Data items:
____
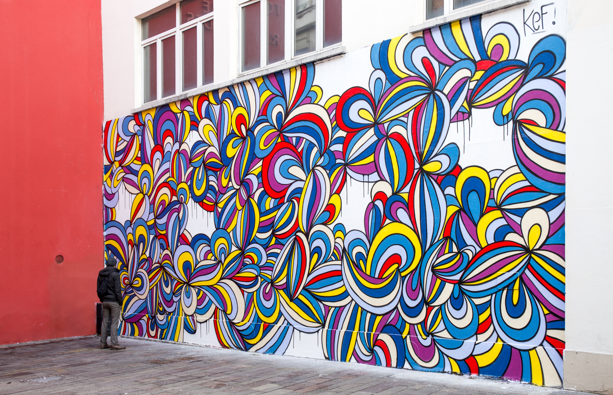 Simon Röhlen (KEF!) was born in Aachen and raised in a small West German town called Übach-Palenberg. He moved to London in 2013 after seeing the vibrant street art scene and feeling that there was a gap that his style could fill. In 2015, he decided to move to Berlin, attracted by its alternative lifestyle. The intricate style of KEF!'s work can be described as abstract graffiti. He often talks about the peace and harmony within the lines he creates and that the mission of his current life is to spread these two aspects. As an artist he works instinctively, taking inspiration from Buddhist teachings and nature. For KEF!, nature contains the utmost beauty on this planet.
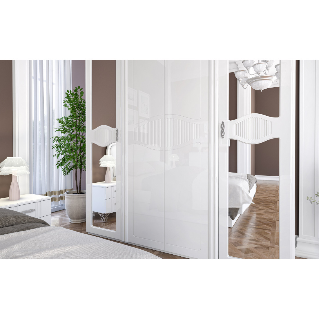 Четырехстворчатый шкаф для одежды и белья МН-025-24 в спальню серии София (Мебель-Неман) выполнен в светлом кремовом оттенке с благородным глянцем. Благодаря зеркальным створкам по всей высоте, большой гардероб с легкостью вписывается в общий интерьер, визуально делая пространство большим. Купить большой гардеробный шкаф в комнату – забыть о проблеме недостатка места для белья и вещей навсегда.
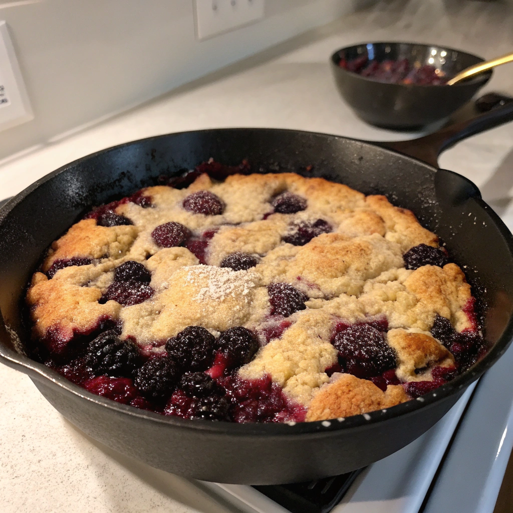 This iron skillet blackberry cobbler is simple, old-fashioned dessert comfort at its best. Sweet, juicy blackberries sink into a soft, golden, cake-like batter that bakes right in a cast iron skillet. The edges get beautifully crisp while the center stays tender and full of berry juices. It’s quick enough for a weeknight but special enough to share after Sunday dinner with family or friends. Serve it warm with a scoop of vanilla ice cream or a dollop of whipped cream, and don’t be surprised if you find yourself eating leftovers cold with coffee the next morning.
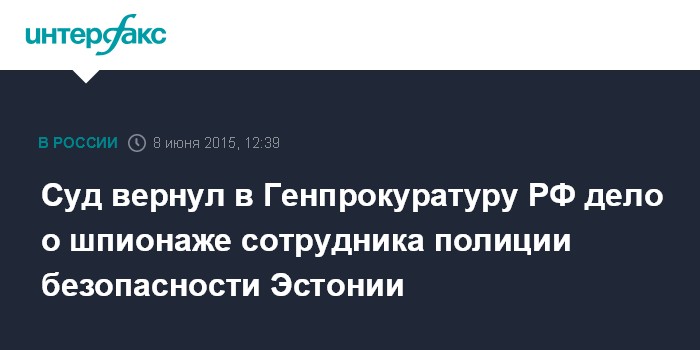 Суд вернул в Генпрокуратуру РФ дело о шпионаже сотрудника полиции безопасности Эстонии
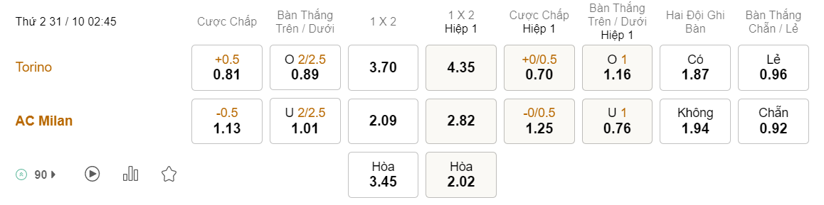 Soi kèo tài xỉu Torino vs Milan: 0.89*2/2.5*1.01
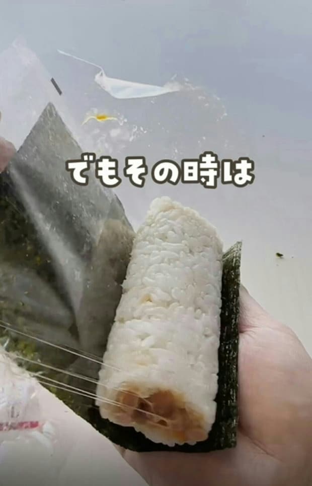 すると、食べやすく持ちやすい状態になります。素手で触れることなく、おにぎりを食べることができます。
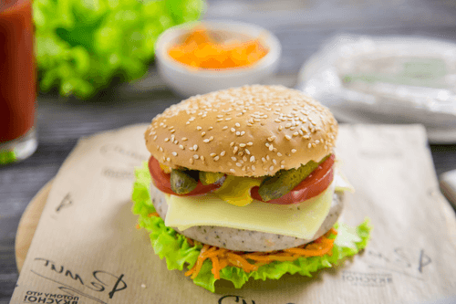 Бургер с колбасками — это оригинальная интерпретация классического американского фастфуда, дополненная насыщенными вкусами. Колбаски, обжаренные до золотистой корочки, придают блюду пикантность, а свежие овощи — хрустящую текстуру. Маасдам добавляет сливочные нотки, идеально сочетающиеся с сочными томатами и маринованными корнишонами. Особенностью этого бургера является использование моркови по-корейски, которая придаёт лёгкую остроту и делает вкус многогранным. Поджаренная булочка с лёгким ароматом гриля соединяет все ингредиенты воедино. Такой бургер станет отличным вариантом для уютного семейного ужина или пикника, где сочные мясные нотки и свежесть овощей создают гармонию вкусов.
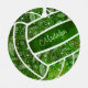 Dieses niedliche Volleyballgeschmückte Ornament zeichnet sich durch die Kontur eines einfachen, abstrakt übergroßen Volleyballs aus, mit einem zarten Doodle-Muster aus Paislien, Blume und Federn in Weiß, die alle bis auf eines der grünen, strukturierten Paneele des Volleyballs bedecken - personalisieren Sie mit ihrem Namen vorne, Jahr für Jahr - von katz_d_zynes
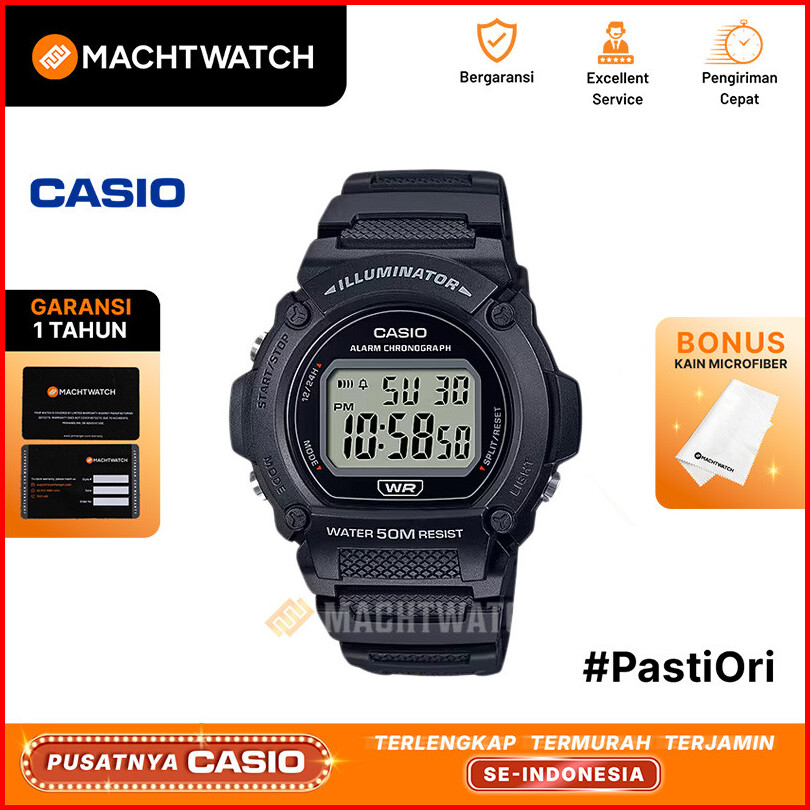 Jam Tangan Pria Digital Casio Standard W-219h-1avdf W219 W-219h Dial Black Resin Band
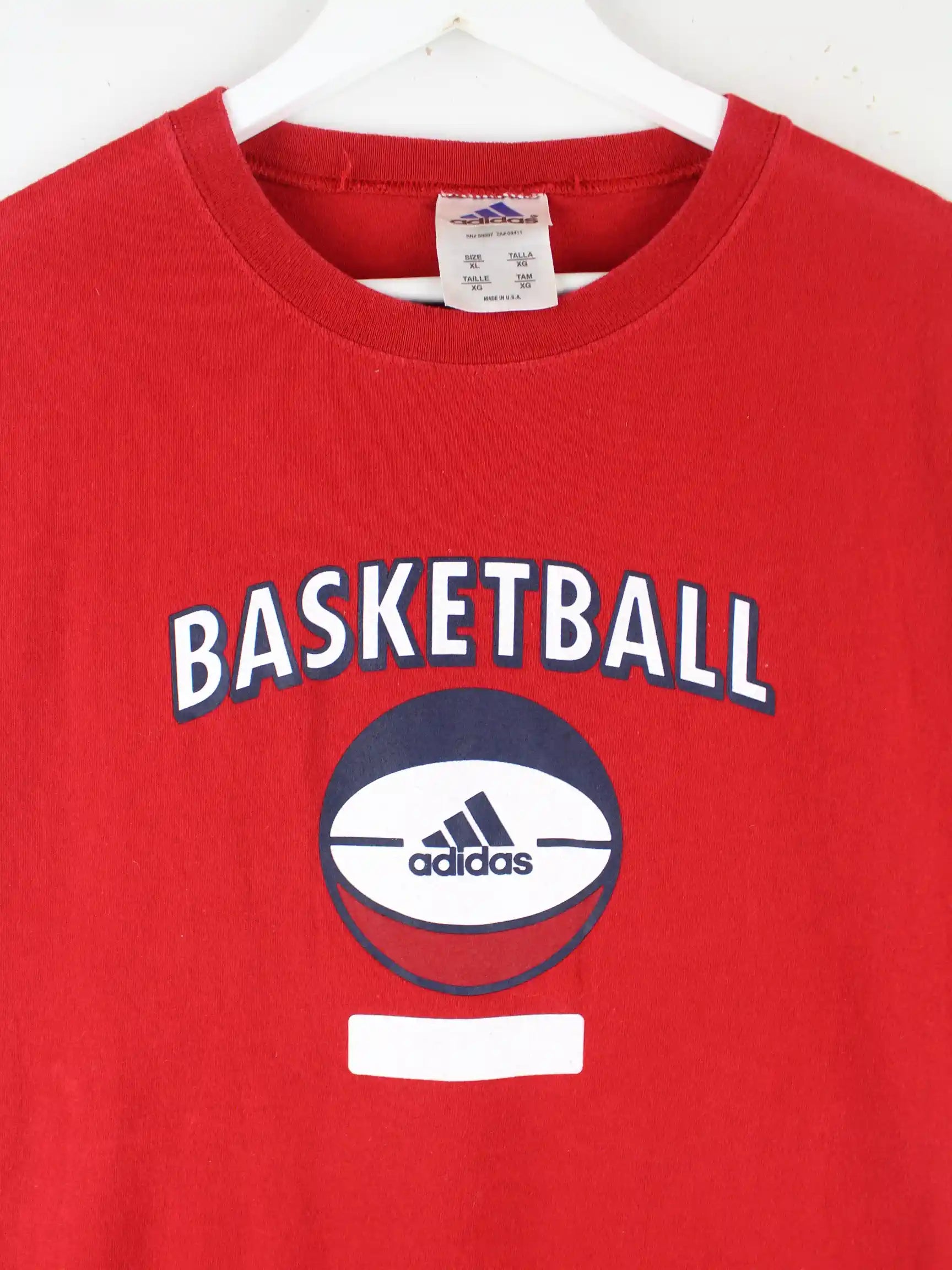 Roter Tank Top vom Label Adidas aus den 90'ern in Größe XL. Er ist aus Baumwolle gemacht und in sehr gutem Zustand im Angebot. Mit tollem Basketball Print.
____
Activity
Retype the records verbatim, excluding each image they hold.

Exercise output
 Simon Röhlen (KEF!) was born in Aachen and raised in a small West German town called Übach-Palenberg. He moved to London in 2013 after seeing the vibrant street art scene and feeling that there was a gap that his style could fill. In 2015, he decided to move to Berlin, attracted by its alternative lifestyle. The intricate style of KEF!'s work can be described as abstract graffiti. He often talks about the peace and harmony within the lines he creates and that the mission of his current life is to spread these two aspects. As an artist he works instinctively, taking inspiration from Buddhist teachings and nature. For KEF!, nature contains the utmost beauty on this planet.
 Четырехстворчатый шкаф для одежды и белья МН-025-24 в спальню серии София (Мебель-Неман) выполнен в светлом кремовом оттенке с благородным глянцем. Благодаря зеркальным створкам по всей высоте, большой гардероб с легкостью вписывается в общий интерьер, визуально делая пространство большим. Купить большой гардеробный шкаф в комнату – забыть о проблеме недостатка места для белья и вещей навсегда.
 This iron skillet blackberry cobbler is simple, old-fashioned dessert comfort at its best. Sweet, juicy blackberries sink into a soft, golden, cake-like batter that bakes right in a cast iron skillet. The edges get beautifully crisp while the center stays tender and full of berry juices. It’s quick enough for a weeknight but special enough to share after Sunday dinner with family or friends. Serve it warm with a scoop of vanilla ice cream or a dollop of whipped cream, and don’t be surprised if you find yourself eating leftovers cold with coffee the next morning.
 Суд вернул в Генпрокуратуру РФ дело о шпионаже сотрудника полиции безопасности Эстонии
 Soi kèo tài xỉu Torino vs Milan: 0.89*2/2.5*1.01
 すると、食べやすく持ちやすい状態になります。素手で触れることなく、おにぎりを食べることができます。
 Бургер с колбасками — это оригинальная интерпретация классического американского фастфуда, дополненная насыщенными вкусами. Колбаски, обжаренные до золотистой корочки, придают блюду пикантность, а свежие овощи — хрустящую текстуру. Маасдам добавляет сливочные нотки, идеально сочетающиеся с сочными томатами и маринованными корнишонами. Особенностью этого бургера является использование моркови по-корейски, которая придаёт лёгкую остроту и делает вкус многогранным. Поджаренная булочка с лёгким ароматом гриля соединяет все ингредиенты воедино. Такой бургер станет отличным вариантом для уютного семейного ужина или пикника, где сочные мясные нотки и свежесть овощей создают гармонию вкусов.
 Dieses niedliche Volleyballgeschmückte Ornament zeichnet sich durch die Kontur eines einfachen, abstrakt übergroßen Volleyballs aus, mit einem zarten Doodle-Muster aus Paislien, Blume und Federn in Weiß, die alle bis auf eines der grünen, strukturierten Paneele des Volleyballs bedecken - personalisieren Sie mit ihrem Namen vorne, Jahr für Jahr - von katz_d_zynes
 Jam Tangan Pria Digital Casio Standard W-219h-1avdf W219 W-219h Dial Black Resin Band
 Roter Tank Top vom Label Adidas aus den 90'ern in Größe XL. Er ist aus Baumwolle gemacht und in sehr gutem Zustand im Angebot. Mit tollem Basketball Print.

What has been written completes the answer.